> WORK REQUEST:
Reproduce the records without their pictures, keeping every word as it is.

START SOURCE DATA

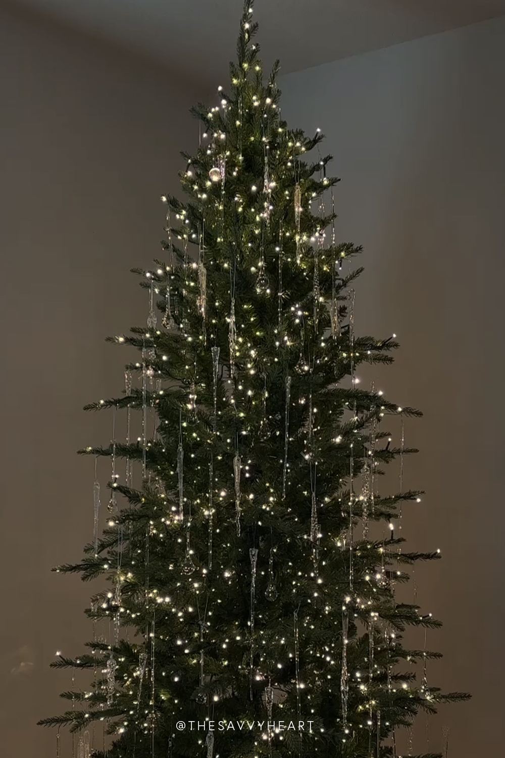 First up is my glass icicle Christmas tree! After lots of debating about my tree this year, I decided to keep it simple but make a statement with a bunch of different icicle ornaments. All hand-blown glass, because I’m just extra like that sometimes. The best part about this tree is that it is so easy to recreate. No crazy ribbons or ornaments… just a handful of different glass icicle ornaments dangling beautifully. I wrote up a separate blog post that outlines everything I used on my tree and linked some of the best items below, so take a peek at that if you want to get this look!
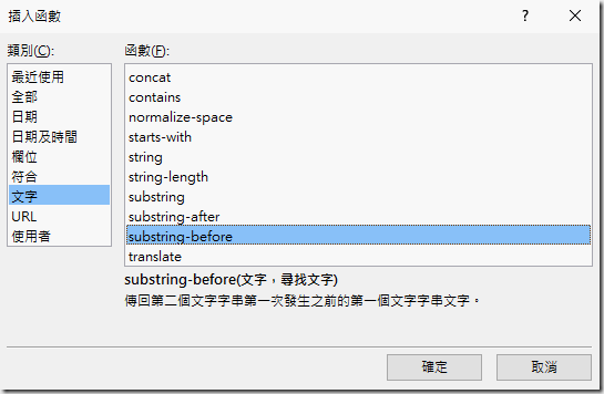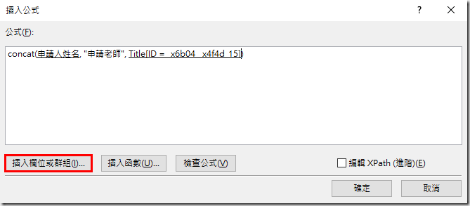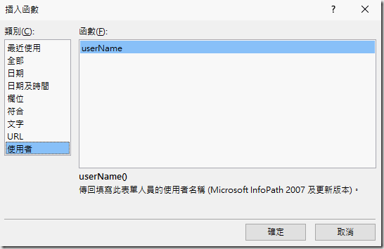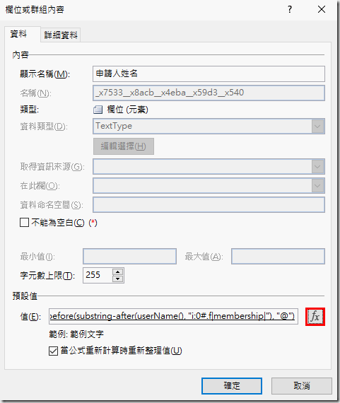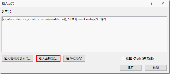 3.點選插入函數,設定預設值為substring-before(substring-after(userName(), "i:0#.f|membership|"), "@")。
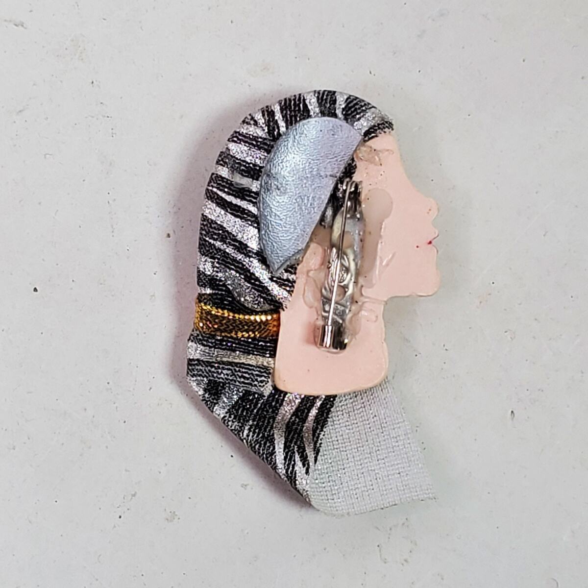 Vintage 1980s Gypsy Head Brooch Pin 2.5 Inch Total Length Including Head Wrap
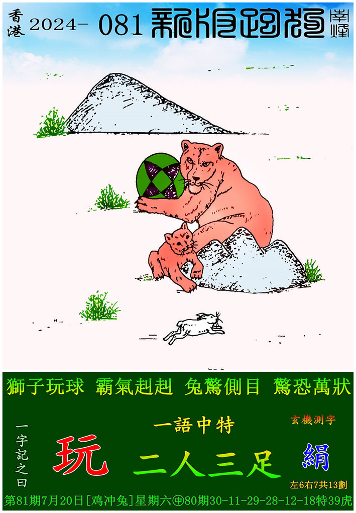 081期:新版跑狗一字記之曰【玩】 玄機測字:【絹】
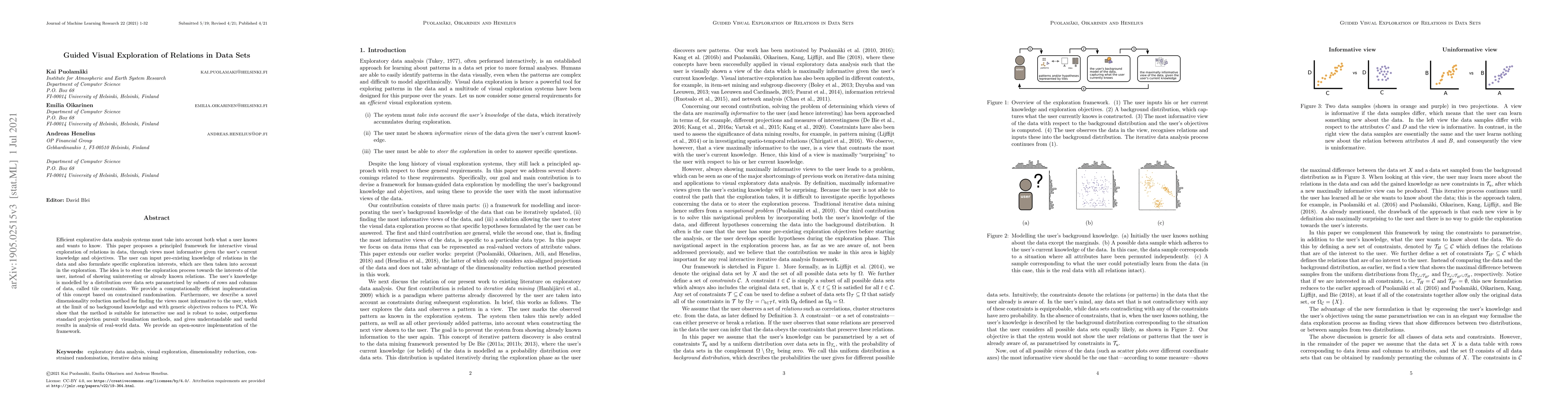 Efficient explorative data analysis systems must take into account both what a user knows and wants to know. This paper proposes a principled framework for interactive visual exploration of relations in data, through views most informative given the user's current knowledge and objectives. The user can input pre-existing knowledge of relations in the data and also formulate specific exploration interests, which are then taken into account in the exploration. The idea is to steer the exploration process towards the interests of the user, instead of showing uninteresting or already known relations. The user's knowledge is modelled by a distribution over data sets parametrised by subsets of rows and columns of data, called tile constraints. We provide a computationally efficient implementation of this concept based on constrained randomisation. Furthermore, we describe a novel dimensionality reduction method for finding the views most informative to the user, which at the limit of no background knowledge and with generic objectives reduces to PCA. We show that the method is suitable for interactive use and is robust to noise, outperforms standard projection pursuit visualisation methods, and gives understandable and useful results in analysis of real-world data. We provide an open-source implementation of the framework.
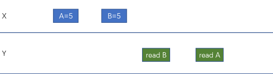 在Y线程中同时读取A和B(实际上java中没法同时原子性的读取两个变量,我们可以先读取B,再读取A),那么有没有可能读取到B=5,A=0呢?直觉上来看,是不可能的。因为X先更新A,后更新B,如果B都读取到了5,那A应该也是5才对。
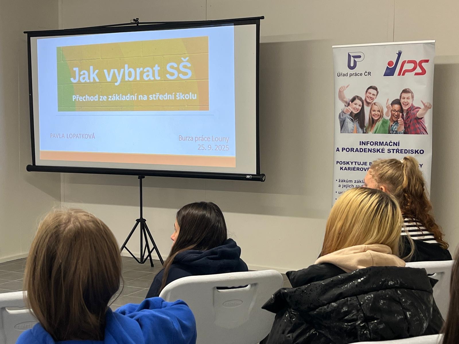 Před námi je jedno z nejdůležitějších rozhodování - kam na střední školu. Na burze práce se děti seznamovaly s možnostmi zaměstnání v Lounech a okolí. Krátká přednáška jim dala návod, jak a podle jakých kritérií si vybírat SŠ.
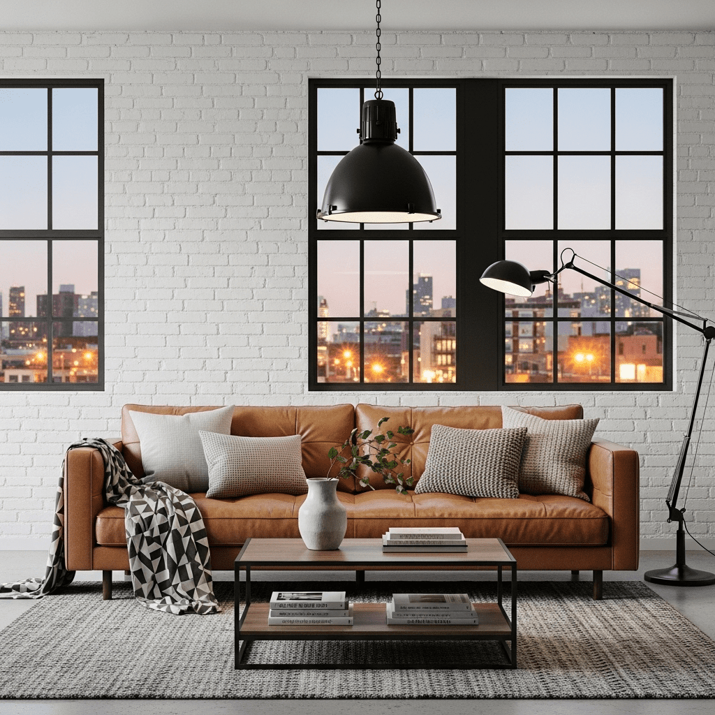 A refined take on industrial style, featuring exposed brick painted in white, black metal window frames, and plush leather seating to add comfort to the raw structure.
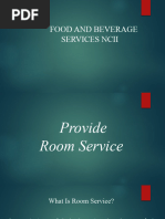 Room Service is the service of any Food & Beverage items ordered by the guest directly to his/ her
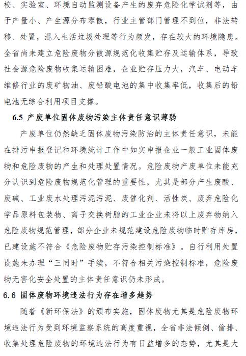 然而,當(dāng)前我省正處于工業(yè)化和城鎮(zhèn)化快速發(fā)展的階段,產(chǎn)業(yè)結(jié)構(gòu)偏重,固體廢物產(chǎn)生量時(shí)空分布不均,固廢處理處置設(shè)施與產(chǎn)生量不匹配的問(wèn)題突出,尤其是工業(yè)固體廢物產(chǎn)生量持續(xù)增加,危險(xiǎn)廢物、污水處理廠污泥等固體廢物的處理處置問(wèn)題未得到根本解決,加上全省固體廢物管理能力十分薄弱,固體廢物污染防治形勢(shì)嚴(yán)峻。2016 年,國(guó)務(wù)院印發(fā)《土壤污染防治行動(dòng)計(jì)劃》,對(duì)固體廢物污染防治均提出了明確要求,科學(xué)制定《固體廢物污染防治規(guī)劃期規(guī)劃》為今后一個(gè)時(shí)期開(kāi)展全省固體廢物減量化、資源化、無(wú)害化提拱了重要依據(jù),對(duì)于確?!耙唤逅驏|流”,實(shí)現(xiàn)經(jīng)濟(jì)綠色發(fā)展具有重大現(xiàn)實(shí)意義。

END SOURCE DATA

> SOLUTION FOR THIS EXERCISE:
 First up is my glass icicle Christmas tree! After lots of debating about my tree this year, I decided to keep it simple but make a statement with a bunch of different icicle ornaments. All hand-blown glass, because I’m just extra like that sometimes. The best part about this tree is that it is so easy to recreate. No crazy ribbons or ornaments… just a handful of different glass icicle ornaments dangling beautifully. I wrote up a separate blog post that outlines everything I used on my tree and linked some of the best items below, so take a peek at that if you want to get this look!
 3.點選插入函數,設定預設值為substring-before(substring-after(userName(), "i:0#.f|membership|"), "@")。
 Vintage 1980s Gypsy Head Brooch Pin 2.5 Inch Total Length Including Head Wrap
 081期:新版跑狗一字記之曰【玩】 玄機測字:【絹】
 Efficient explorative data analysis systems must take into account both what a user knows and wants to know. This paper proposes a principled framework for interactive visual exploration of relations in data, through views most informative given the user's current knowledge and objectives. The user can input pre-existing knowledge of relations in the data and also formulate specific exploration interests, which are then taken into account in the exploration. The idea is to steer the exploration process towards the interests of the user, instead of showing uninteresting or already known relations. The user's knowledge is modelled by a distribution over data sets parametrised by subsets of rows and columns of data, called tile constraints. We provide a computationally efficient implementation of this concept based on constrained randomisation. Furthermore, we describe a novel dimensionality reduction method for finding the views most informative to the user, which at the limit of no background knowledge and with generic objectives reduces to PCA. We show that the method is suitable for interactive use and is robust to noise, outperforms standard projection pursuit visualisation methods, and gives understandable and useful results in analysis of real-world data. We provide an open-source implementation of the framework.
 在Y线程中同时读取A和B(实际上java中没法同时原子性的读取两个变量,我们可以先读取B,再读取A),那么有没有可能读取到B=5,A=0呢?直觉上来看,是不可能的。因为X先更新A,后更新B,如果B都读取到了5,那A应该也是5才对。
 Před námi je jedno z nejdůležitějších rozhodování - kam na střední školu. Na burze práce se děti seznamovaly s možnostmi zaměstnání v Lounech a okolí. Krátká přednáška jim dala návod, jak a podle jakých kritérií si vybírat SŠ.
 A refined take on industrial style, featuring exposed brick painted in white, black metal window frames, and plush leather seating to add comfort to the raw structure.
 Room Service is the service of any Food & Beverage items ordered by the guest directly to his/ her
 然而,當(dāng)前我省正處于工業(yè)化和城鎮(zhèn)化快速發(fā)展的階段,產(chǎn)業(yè)結(jié)構(gòu)偏重,固體廢物產(chǎn)生量時(shí)空分布不均,固廢處理處置設(shè)施與產(chǎn)生量不匹配的問(wèn)題突出,尤其是工業(yè)固體廢物產(chǎn)生量持續(xù)增加,危險(xiǎn)廢物、污水處理廠污泥等固體廢物的處理處置問(wèn)題未得到根本解決,加上全省固體廢物管理能力十分薄弱,固體廢物污染防治形勢(shì)嚴(yán)峻。2016 年,國(guó)務(wù)院印發(fā)《土壤污染防治行動(dòng)計(jì)劃》,對(duì)固體廢物污染防治均提出了明確要求,科學(xué)制定《固體廢物污染防治規(guī)劃期規(guī)劃》為今后一個(gè)時(shí)期開(kāi)展全省固體廢物減量化、資源化、無(wú)害化提拱了重要依據(jù),對(duì)于確?!耙唤逅驏|流”,實(shí)現(xiàn)經(jīng)濟(jì)綠色發(fā)展具有重大現(xiàn)實(shí)意義。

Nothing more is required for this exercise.